## Data provided:
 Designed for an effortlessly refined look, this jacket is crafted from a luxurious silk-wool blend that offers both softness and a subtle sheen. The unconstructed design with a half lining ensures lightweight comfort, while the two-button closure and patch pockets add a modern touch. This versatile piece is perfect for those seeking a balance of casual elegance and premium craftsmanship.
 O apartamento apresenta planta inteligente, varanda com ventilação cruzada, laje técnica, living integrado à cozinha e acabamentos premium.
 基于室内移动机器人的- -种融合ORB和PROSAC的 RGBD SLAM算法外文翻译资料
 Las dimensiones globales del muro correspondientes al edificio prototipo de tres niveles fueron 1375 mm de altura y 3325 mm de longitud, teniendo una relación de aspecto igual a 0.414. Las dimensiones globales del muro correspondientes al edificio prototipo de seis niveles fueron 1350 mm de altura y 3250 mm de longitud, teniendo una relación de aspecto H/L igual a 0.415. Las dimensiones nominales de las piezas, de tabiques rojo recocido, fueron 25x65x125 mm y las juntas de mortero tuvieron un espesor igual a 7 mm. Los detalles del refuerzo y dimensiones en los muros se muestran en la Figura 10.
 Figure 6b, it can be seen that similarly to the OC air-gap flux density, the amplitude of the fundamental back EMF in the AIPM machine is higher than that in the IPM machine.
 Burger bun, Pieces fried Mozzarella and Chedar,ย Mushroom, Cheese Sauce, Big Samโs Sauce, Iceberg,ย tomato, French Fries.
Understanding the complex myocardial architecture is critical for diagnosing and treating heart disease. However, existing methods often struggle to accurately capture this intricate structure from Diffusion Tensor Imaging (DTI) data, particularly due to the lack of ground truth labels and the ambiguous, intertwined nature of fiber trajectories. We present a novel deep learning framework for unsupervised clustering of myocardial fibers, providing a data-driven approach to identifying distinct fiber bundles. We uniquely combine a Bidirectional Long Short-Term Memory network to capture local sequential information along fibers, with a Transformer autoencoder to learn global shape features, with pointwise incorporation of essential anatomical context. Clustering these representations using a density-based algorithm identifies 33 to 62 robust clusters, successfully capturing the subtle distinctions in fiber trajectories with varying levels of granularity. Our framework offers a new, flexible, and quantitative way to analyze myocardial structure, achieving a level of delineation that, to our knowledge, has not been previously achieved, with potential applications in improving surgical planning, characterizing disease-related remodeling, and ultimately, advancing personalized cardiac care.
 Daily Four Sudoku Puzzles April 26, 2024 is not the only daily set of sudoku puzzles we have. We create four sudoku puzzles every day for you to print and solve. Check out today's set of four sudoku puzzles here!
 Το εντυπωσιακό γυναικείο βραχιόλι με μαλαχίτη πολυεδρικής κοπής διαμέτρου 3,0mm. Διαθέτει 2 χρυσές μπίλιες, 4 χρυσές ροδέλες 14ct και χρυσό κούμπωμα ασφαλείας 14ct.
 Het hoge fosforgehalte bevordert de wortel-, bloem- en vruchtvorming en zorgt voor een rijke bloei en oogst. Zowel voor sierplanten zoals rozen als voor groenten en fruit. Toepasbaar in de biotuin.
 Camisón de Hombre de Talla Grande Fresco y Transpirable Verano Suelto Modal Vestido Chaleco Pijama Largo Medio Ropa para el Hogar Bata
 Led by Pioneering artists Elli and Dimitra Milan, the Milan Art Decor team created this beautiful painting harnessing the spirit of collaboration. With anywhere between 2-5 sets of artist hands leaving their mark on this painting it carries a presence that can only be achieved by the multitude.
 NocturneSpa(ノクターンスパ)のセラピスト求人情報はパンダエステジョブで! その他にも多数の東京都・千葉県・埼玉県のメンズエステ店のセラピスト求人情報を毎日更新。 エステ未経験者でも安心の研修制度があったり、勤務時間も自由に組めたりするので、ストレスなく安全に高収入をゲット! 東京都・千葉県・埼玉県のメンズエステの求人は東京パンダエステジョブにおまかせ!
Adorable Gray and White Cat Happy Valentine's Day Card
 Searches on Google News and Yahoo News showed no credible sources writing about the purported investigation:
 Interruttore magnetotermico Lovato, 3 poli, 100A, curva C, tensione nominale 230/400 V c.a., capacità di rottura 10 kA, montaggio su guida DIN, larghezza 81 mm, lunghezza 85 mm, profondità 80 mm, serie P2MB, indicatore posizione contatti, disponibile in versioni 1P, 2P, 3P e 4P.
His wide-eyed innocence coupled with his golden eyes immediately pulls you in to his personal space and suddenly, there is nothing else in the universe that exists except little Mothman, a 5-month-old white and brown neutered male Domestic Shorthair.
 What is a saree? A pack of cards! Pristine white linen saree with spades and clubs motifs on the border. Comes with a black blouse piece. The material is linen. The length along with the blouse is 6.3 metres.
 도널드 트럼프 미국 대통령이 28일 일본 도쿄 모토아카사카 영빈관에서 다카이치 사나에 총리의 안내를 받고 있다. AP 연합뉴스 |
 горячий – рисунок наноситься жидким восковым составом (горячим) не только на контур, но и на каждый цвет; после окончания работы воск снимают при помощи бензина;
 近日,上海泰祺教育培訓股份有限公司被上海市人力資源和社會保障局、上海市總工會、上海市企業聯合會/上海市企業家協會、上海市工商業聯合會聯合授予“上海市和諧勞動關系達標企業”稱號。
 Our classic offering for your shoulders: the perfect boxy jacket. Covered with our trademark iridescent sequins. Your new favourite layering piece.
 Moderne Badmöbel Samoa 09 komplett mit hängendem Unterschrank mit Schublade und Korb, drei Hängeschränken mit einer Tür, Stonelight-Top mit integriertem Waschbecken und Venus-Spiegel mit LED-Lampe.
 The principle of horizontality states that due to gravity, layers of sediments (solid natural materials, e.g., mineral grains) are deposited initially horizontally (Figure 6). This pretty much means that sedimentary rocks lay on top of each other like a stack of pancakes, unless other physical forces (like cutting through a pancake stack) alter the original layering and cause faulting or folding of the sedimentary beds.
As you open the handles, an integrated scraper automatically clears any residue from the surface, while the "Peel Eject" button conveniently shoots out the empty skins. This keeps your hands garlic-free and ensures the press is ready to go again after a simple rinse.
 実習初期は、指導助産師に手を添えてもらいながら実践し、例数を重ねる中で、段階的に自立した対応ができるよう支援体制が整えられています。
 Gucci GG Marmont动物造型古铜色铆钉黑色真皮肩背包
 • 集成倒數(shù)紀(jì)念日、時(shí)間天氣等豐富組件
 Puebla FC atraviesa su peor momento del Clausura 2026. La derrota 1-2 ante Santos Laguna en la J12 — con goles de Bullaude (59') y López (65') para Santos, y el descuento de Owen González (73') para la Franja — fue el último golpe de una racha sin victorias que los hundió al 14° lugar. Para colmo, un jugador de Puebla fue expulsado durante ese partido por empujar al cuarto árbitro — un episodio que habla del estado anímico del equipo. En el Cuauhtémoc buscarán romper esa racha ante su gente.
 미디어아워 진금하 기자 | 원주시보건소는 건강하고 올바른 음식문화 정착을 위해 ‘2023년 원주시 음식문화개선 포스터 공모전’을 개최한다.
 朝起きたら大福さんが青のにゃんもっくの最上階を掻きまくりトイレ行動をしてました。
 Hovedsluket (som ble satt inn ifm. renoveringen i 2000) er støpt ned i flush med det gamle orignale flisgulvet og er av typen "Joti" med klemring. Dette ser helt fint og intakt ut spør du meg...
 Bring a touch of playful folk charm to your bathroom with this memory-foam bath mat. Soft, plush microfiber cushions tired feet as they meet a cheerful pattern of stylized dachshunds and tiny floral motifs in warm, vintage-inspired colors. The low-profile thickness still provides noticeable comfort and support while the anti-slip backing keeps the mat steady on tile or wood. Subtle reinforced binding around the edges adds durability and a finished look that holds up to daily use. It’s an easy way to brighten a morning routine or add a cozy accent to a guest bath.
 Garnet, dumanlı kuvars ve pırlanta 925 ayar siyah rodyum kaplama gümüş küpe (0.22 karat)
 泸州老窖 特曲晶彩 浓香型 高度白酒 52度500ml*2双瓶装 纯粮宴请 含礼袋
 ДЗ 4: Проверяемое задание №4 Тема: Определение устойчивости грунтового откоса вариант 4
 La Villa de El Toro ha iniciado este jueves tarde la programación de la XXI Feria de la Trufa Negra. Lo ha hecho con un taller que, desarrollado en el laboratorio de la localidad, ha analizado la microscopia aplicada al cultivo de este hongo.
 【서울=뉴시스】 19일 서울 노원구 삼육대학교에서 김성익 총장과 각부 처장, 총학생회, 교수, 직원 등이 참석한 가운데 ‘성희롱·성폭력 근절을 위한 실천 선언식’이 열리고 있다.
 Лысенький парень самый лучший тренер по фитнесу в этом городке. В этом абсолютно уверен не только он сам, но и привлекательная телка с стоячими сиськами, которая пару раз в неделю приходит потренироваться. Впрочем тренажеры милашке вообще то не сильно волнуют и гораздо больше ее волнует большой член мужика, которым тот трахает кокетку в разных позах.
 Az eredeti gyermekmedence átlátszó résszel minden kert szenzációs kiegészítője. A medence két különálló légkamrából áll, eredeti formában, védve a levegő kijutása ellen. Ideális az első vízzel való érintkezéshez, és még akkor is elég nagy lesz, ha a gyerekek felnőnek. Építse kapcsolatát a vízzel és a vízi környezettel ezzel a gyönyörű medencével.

## Work instructions:
Across the data above, how many lines include the word "touch"? Give only the number.

## Problem solution:
2